Counter flashing (lead), must be installed (cut into and inserted, then sealed) into the brick work. I'd suggest that you hire this out, it is not the typical beginner DIY project.


----------



## Ed the Roofer (Jan 27, 2007)

For the step version and mortar embeddment version you will need a grinder and a diamond blade. I use a 1/4" wide blade to allow plenty of room so I don't have to re-cut the raggle joint.

Then you need a sheet metal brake and have to bent either one continuous piece or individual step counter-flashings and implant them into the reglet that you cut out of the masonry wall.

You can eithe ruse Tap-Cons or lead masonry nail-ins to secure the counter-flashingss to the joint and to the wall.

Foam backer rod and a good back sealant should be used in the joint if you are not re-mortsring it.

A surface mounted version can also be donew, but if done incorrectly, is more prone to leakage.

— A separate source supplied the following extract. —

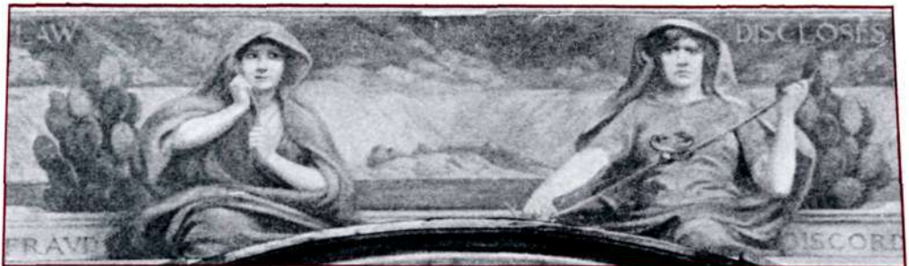
Law Discloses — Fraud and Discord

Either way, the roof cement needs to be completely cleaned off of that wall first.

Ed


----------



## Slyfox (Jun 13, 2008)

Tools:
<> Good hammer, 18 ounce or heavier. 
<> Flat bar, wide wood chisel or flat head screw driver.
<> A rag, to throw a way afterwards.
<> One tube of caulking for every 10' foot of wall.
<> A piece of alluminum coil, how ever many feet long as the wall.
"if you have two walls 10' long, than one piece of metal 10' long will do both, because you don't need a full width of the metal coil"
<> Handfull of masonery nails, 1 1/4" in size.

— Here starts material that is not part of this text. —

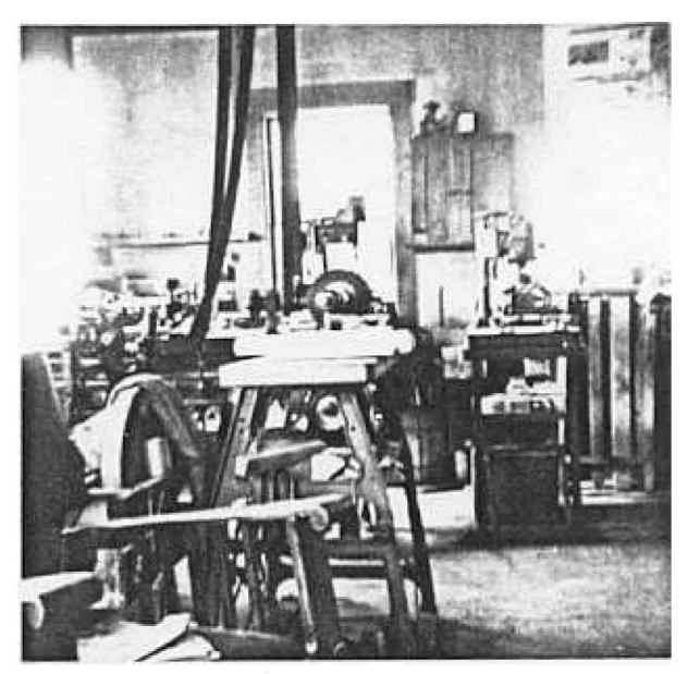
Inside of Garage

Higher a handyman, roofer, sider or metal guy. Or follow these steps.


<> Scrape all existing roof cement/tar off the brick, take care to not damage or bend existing step flashings.
<> Run a light bead of caulking across the top of the step flashings,
half on the flashing, half on the wall,
and smooth it in with above mentioned rag.
<> Cut your metal to the lenght you need,
than cut it to 6 inches in height, less if you need to in order to avoid hitting the window but no less than 4", using your hands, carefully, CAREFULLY put a slight bend at the top of the counter flashing, make sure that bend faces the wall when you install the metal.
<> Place the 'pre-cut' metal against the wall with it starting roughly one inch below the start of the step flashings and ending at the ridge above,
the bottom of the metal should be roughly 1" above the break where the roofing and metal meet,
starting at the bottom end place one fastener into the nearest morder joint and firmly pound the fastener in, and continue placing fasteners no less than every 3 feet all the way up the wall to the end,
than caulk all along the top of the counter flashing, half on wall, half on flashing and smooth in with the rag.

Assuming all fasteners went in ok, your done.
If a fastener bends or breaks the morder, you can repait that with simply caulking the hole really well, but take care not to have many bad fasteners.
Never try and install a fastener any closer than 2" of any corner or extrusion.

Hope I didn't miss anything.
Good Luck.

Edited to add,
you can purchase above mentioned materials and tools at most hardware stores,
especially chains such as Lowes and Home Depot, etc.

But if you go to a local roof supply store and tell the sales rep what your up to,
they can put together a package of what you need, including pre-cutting and bending the metal for efficiency and safety.


----------